Yes, it is my responsibility as Master to teach and train her as well as for me to learn, I often send my slave web sites and other information about D/s and M/s relationships as well as talk with her about my expectations. She obtained my permission to ask the question that she posted, so I allowed it and did not change it. I realize now that we have an issue that we will work on together. Just to let all of you know, there are actually several stipulations and we both know what they are, but I want her to “feel” that there are none. As far as the no choice thing goes, it is conceptual, it may be unrealistic but as a slave, I want her to feel that she has no choice.

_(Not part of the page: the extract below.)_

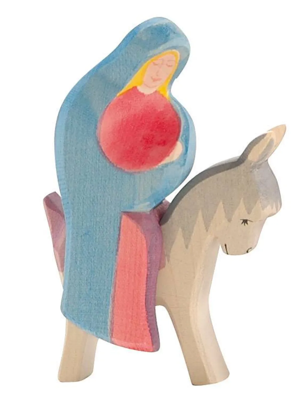 Dit is Maria zittend op haar ezel. De ezel is ook los te gebruiken. Door de speciale vorm kun je Maria niet los neerzetten maar dient ze altijd te zitten. Totale hoogte van deze 2-delige Ostheimer set: 16 cm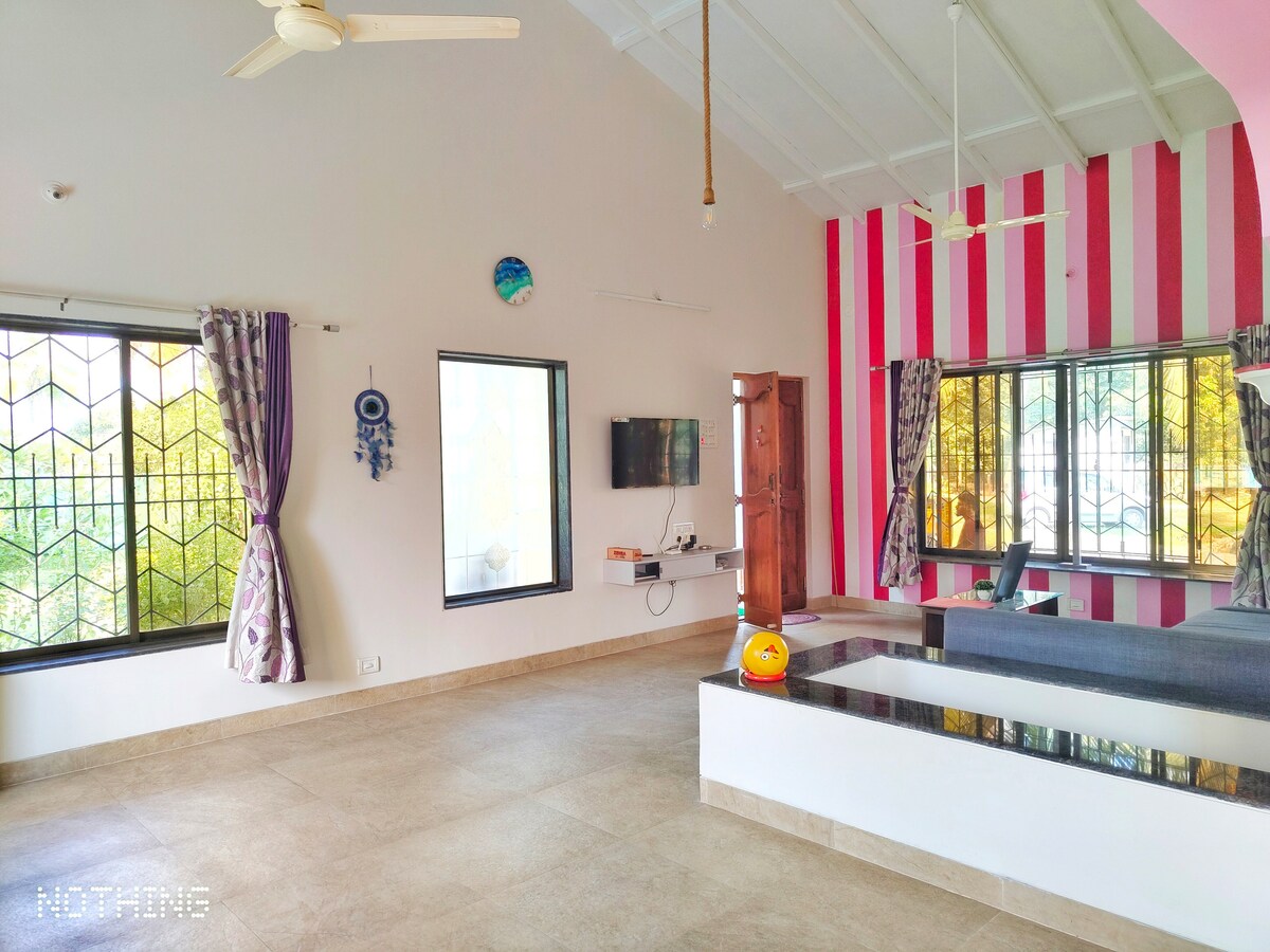 Ubicada en las serenas arenas de la playa de Nandgao, esta casa es donde la belleza de la naturaleza se encuentra con el encanto intemporal. Con hamacas que se balancean bajo las palmeras, un césped para el té, una terraza para puestas de sol y un cenador para las celebraciones, es tu escapada perfecta junto a la playa, con entretenimiento lleno de nostalgia y diversión infinita. Una hermosa casa de 4 dormitorios con comedor, una mesa de billar y una amplia sala de estar con lujosos asientos, un televisor y una colección seleccionada de libros que te invitan a relajarte.

I completely understand this, it's part and parcel of the slave dynamic. I HATE explaining and assuring potential slaves and subs that I'm not actually going to hurt them. It takes the fun out of it for EVERYONE, especially me as an emotional sadist. BUT, it is important for the slave I am with to understand that there IS a way to voice her feelings and that the stuff she feels is ok, is necessary to voice, and has to be worked through together and that I'm prepared to work through it with her. It does not sound like your slave has gotten this message, which is what has gone wrong here.

quote:


The relationship we have is, in my opinion, D/s as well as M/s but there is underlying ideals that make the relationship M/s more so then D/s. She always has the right to say time out, I have a question, or I need a break, I have even allow her to let me know, when she feels that she is really not into it, and I will not attempt to control her at that time.


This is how you feel, but it's not the way she feels. There's no point of a safeword if you can't remember it. If she doesn't feel in her core she's entitled to feel the way she does, that's when you have the problem. As a slave, what she needs to understand in her core that she's entitled to it "under xyz conditions".

My suggestions, if you choose to take it, is to start a sort of "talking stick" ritual. Let her keep a blog to vent. The only rule of it being she has to be brutally honest. And the rules on you with the blog is you read it but cannot judge her. She has to understand that she can write whatever she wants, even revenge fantasies on you, and that you will not be upset at her over it. That you will not judge her based on it. That to all intents and purposes you would pretend you don't know about it. But nothing said on the blog would be taken as stuff that she genuinely wants unless she voices it. Which is where a "talking stick" exists. When she is holding it, she is no longer the slave and free to discuss anything, any doubt, any uncomfortability, and that it will be discussed rationally, reasonably, respectfully, and not just a session of you convincing her what she's feeling is a mistake.

quote:


24/7/365 is unrealistic but more of a suggestive thought that the subliminal mind will control. We have a 13 year old child that we do not want to know how “crazy” his father is so when he is around we are very vanilla, when he is not around we turn the M/s switch on.


I presume this is directed at my statement that 24/7 is a fantasy. About 24/7, that is very much more a mental control thing than getting fucked 24/7. It is going about 24/7 and feeling the Master's presence in the back of your head, controlling everything you're doing whether it's pumping gas or making dinner. But this is MUCH more intense than being tied up to a cross for 6 hours and flogged every two, especially for a woman, who relate more on a mental and emotional level than physical! Even when the "switch is off", SHE may not feel it being off, she could just feel it's a "disguise on" time. A clear visual signal of "the switch is off" helps.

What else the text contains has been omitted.